• WHAT NEEDS TO BE DONE: Taking the line with "El póster consta" as the first and the line with "Step up your" as the last, set down the lines below exactly, pictures excluded.

• RECORDS SHOWN:
Content starts
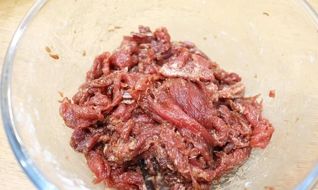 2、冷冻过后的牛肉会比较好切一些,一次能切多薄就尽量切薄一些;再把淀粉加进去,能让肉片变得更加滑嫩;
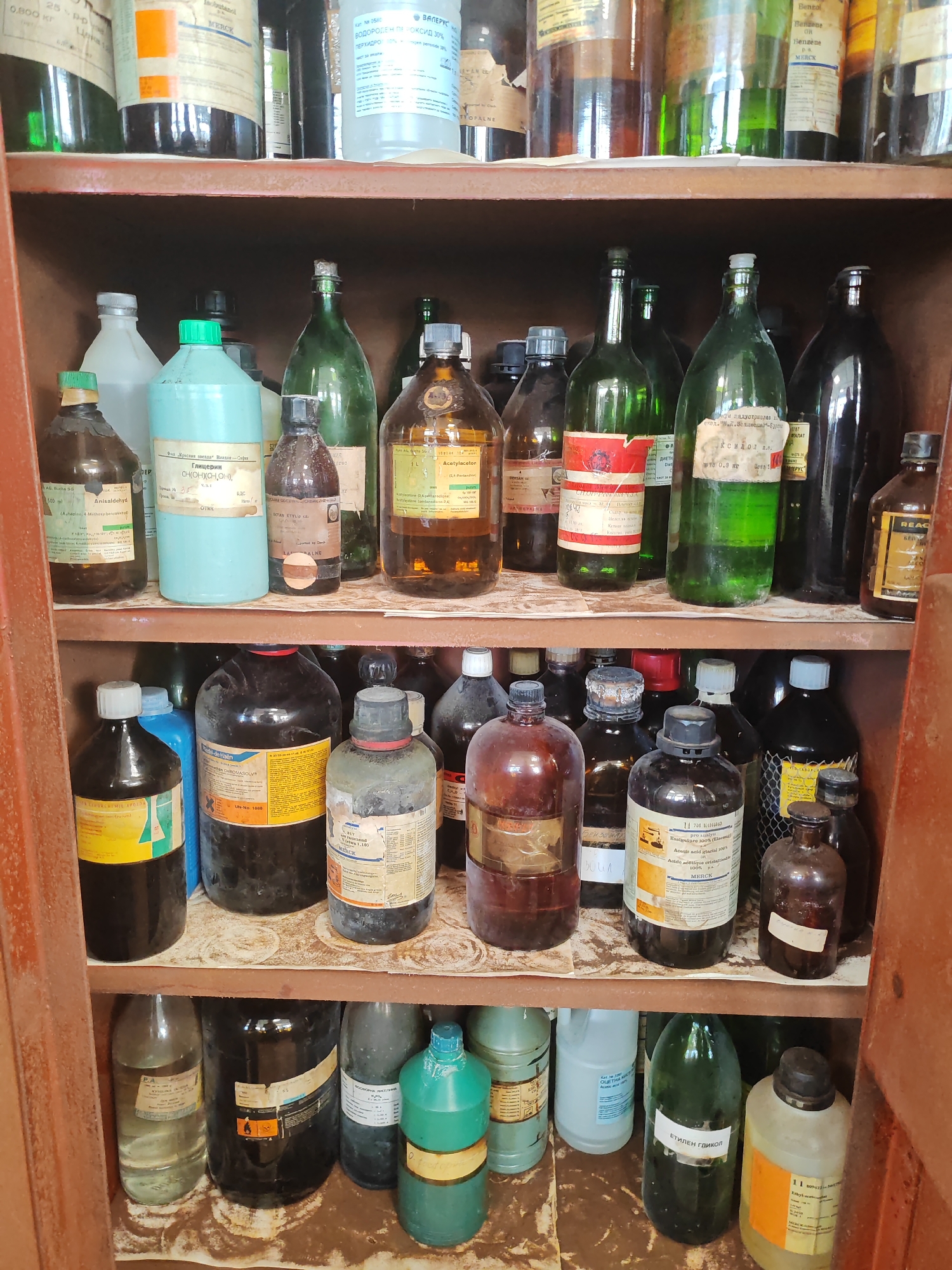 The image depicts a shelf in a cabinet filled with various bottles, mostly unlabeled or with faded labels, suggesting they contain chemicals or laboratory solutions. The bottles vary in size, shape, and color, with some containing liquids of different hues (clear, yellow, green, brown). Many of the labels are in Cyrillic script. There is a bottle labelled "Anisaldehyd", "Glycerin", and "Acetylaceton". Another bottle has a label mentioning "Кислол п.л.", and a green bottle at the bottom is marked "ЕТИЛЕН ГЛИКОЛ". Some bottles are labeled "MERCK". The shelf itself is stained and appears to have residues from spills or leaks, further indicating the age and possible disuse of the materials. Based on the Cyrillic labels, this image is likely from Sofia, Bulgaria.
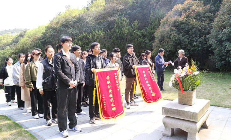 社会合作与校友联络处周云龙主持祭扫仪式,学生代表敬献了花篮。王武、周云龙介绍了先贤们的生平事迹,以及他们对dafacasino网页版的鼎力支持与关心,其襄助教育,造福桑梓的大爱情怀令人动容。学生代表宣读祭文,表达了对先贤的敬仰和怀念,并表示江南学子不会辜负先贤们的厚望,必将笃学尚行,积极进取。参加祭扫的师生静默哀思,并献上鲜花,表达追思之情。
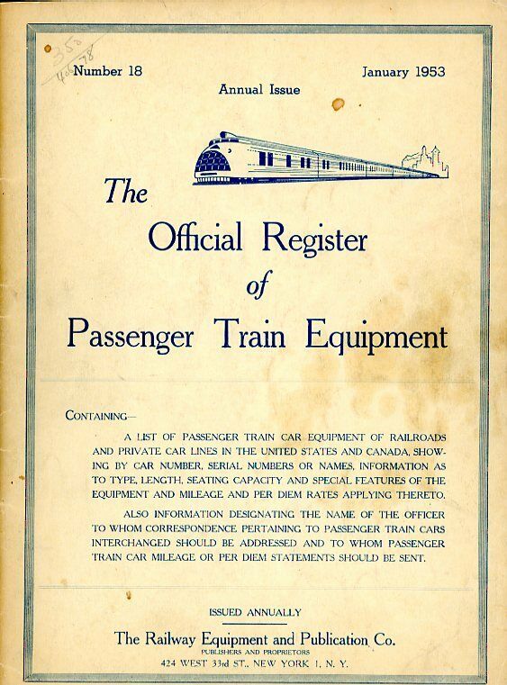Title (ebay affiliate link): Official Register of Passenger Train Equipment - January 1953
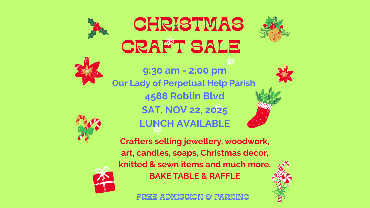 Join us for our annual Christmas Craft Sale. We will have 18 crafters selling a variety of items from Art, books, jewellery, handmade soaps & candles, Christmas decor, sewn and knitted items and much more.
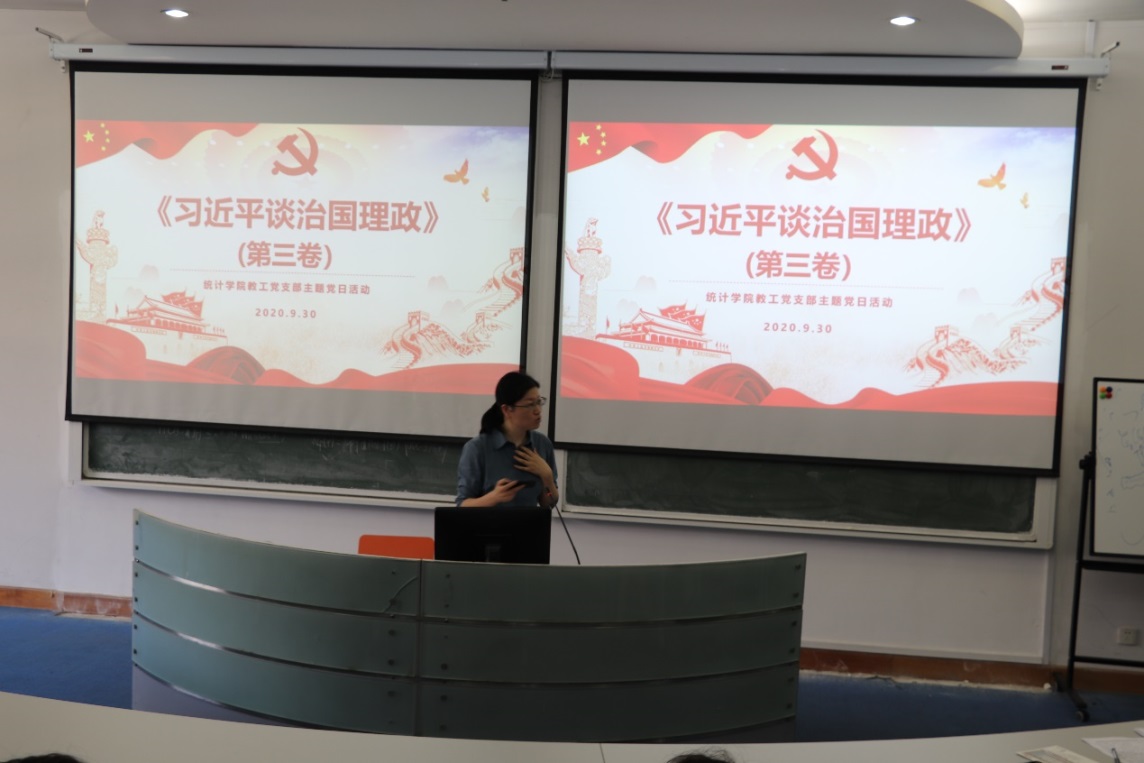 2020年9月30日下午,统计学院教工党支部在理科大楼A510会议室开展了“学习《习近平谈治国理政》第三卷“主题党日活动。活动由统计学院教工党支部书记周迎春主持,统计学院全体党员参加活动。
Content ends
Content starts
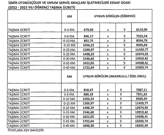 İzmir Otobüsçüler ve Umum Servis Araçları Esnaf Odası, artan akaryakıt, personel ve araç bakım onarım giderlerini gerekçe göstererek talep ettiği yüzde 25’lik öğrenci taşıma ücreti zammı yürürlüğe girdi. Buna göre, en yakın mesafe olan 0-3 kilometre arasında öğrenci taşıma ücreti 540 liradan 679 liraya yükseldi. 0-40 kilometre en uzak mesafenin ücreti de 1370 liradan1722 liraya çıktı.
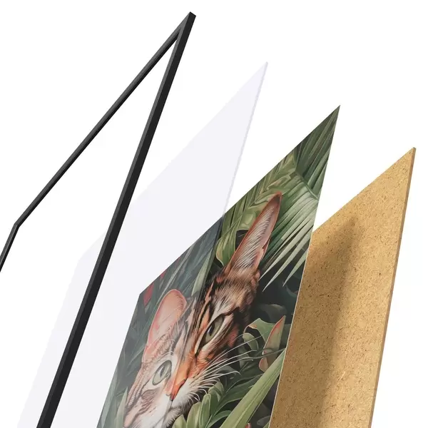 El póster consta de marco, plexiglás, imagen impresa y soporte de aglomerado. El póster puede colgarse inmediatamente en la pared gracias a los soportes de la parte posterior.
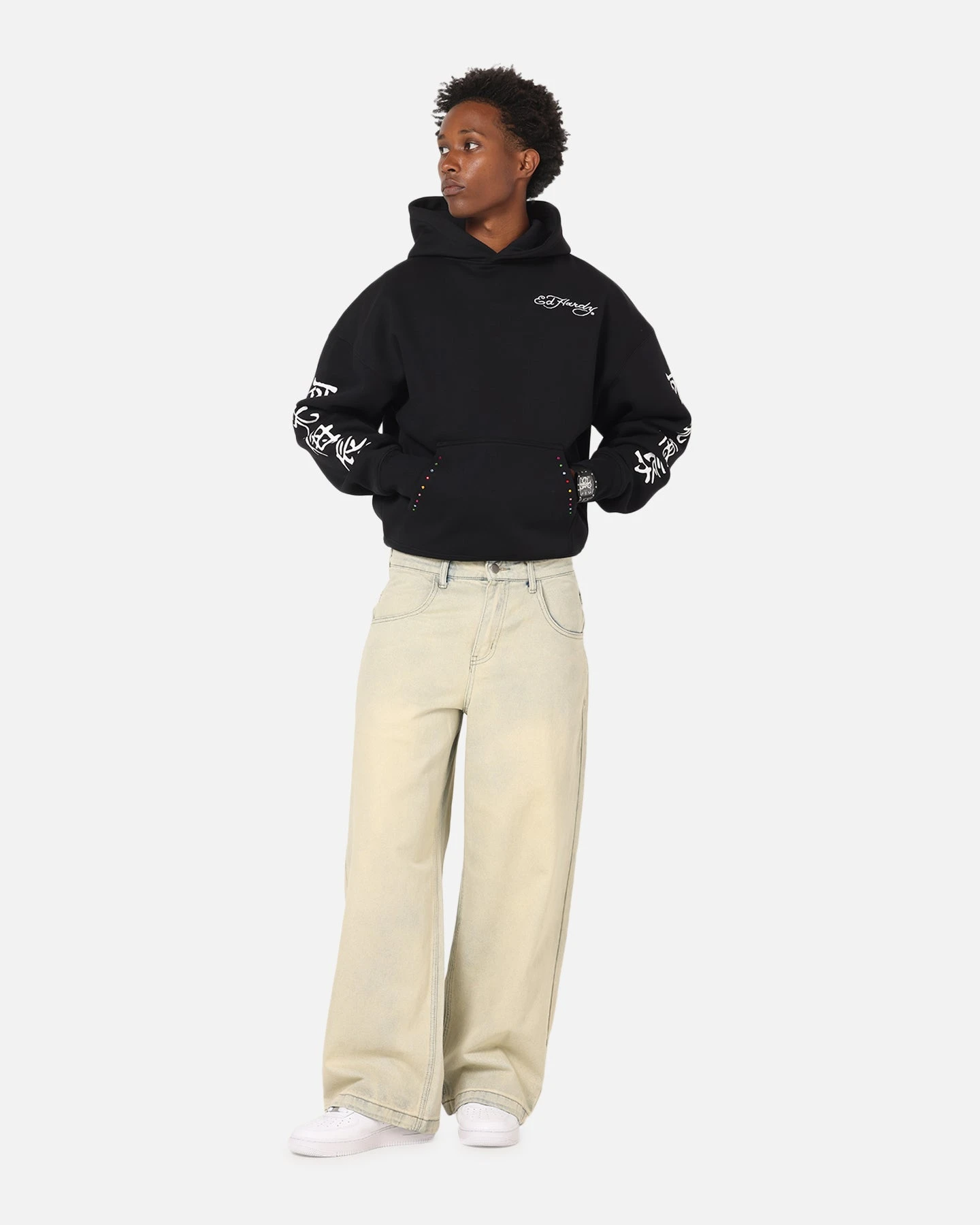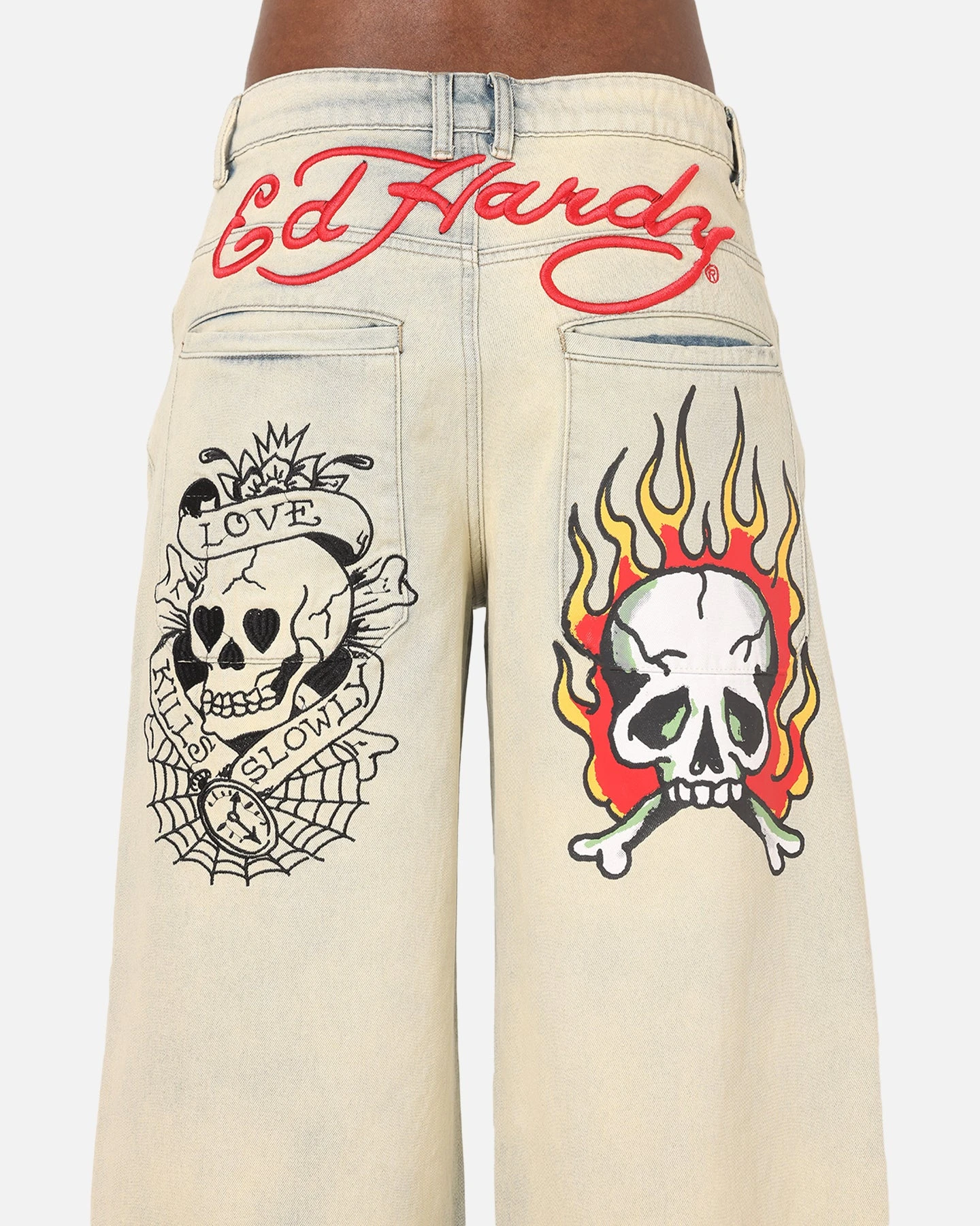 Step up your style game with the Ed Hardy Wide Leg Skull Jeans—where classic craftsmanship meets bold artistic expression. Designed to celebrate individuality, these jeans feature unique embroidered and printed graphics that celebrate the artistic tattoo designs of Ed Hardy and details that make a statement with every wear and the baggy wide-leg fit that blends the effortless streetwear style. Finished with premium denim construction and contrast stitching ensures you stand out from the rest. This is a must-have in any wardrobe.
Content ends
• EXERCISE OUTPUT:
 El póster consta de marco, plexiglás, imagen impresa y soporte de aglomerado. El póster puede colgarse inmediatamente en la pared gracias a los soportes de la parte posterior.
 Step up your style game with the Ed Hardy Wide Leg Skull Jeans—where classic craftsmanship meets bold artistic expression. Designed to celebrate individuality, these jeans feature unique embroidered and printed graphics that celebrate the artistic tattoo designs of Ed Hardy and details that make a statement with every wear and the baggy wide-leg fit that blends the effortless streetwear style. Finished with premium denim construction and contrast stitching ensures you stand out from the rest. This is a must-have in any wardrobe.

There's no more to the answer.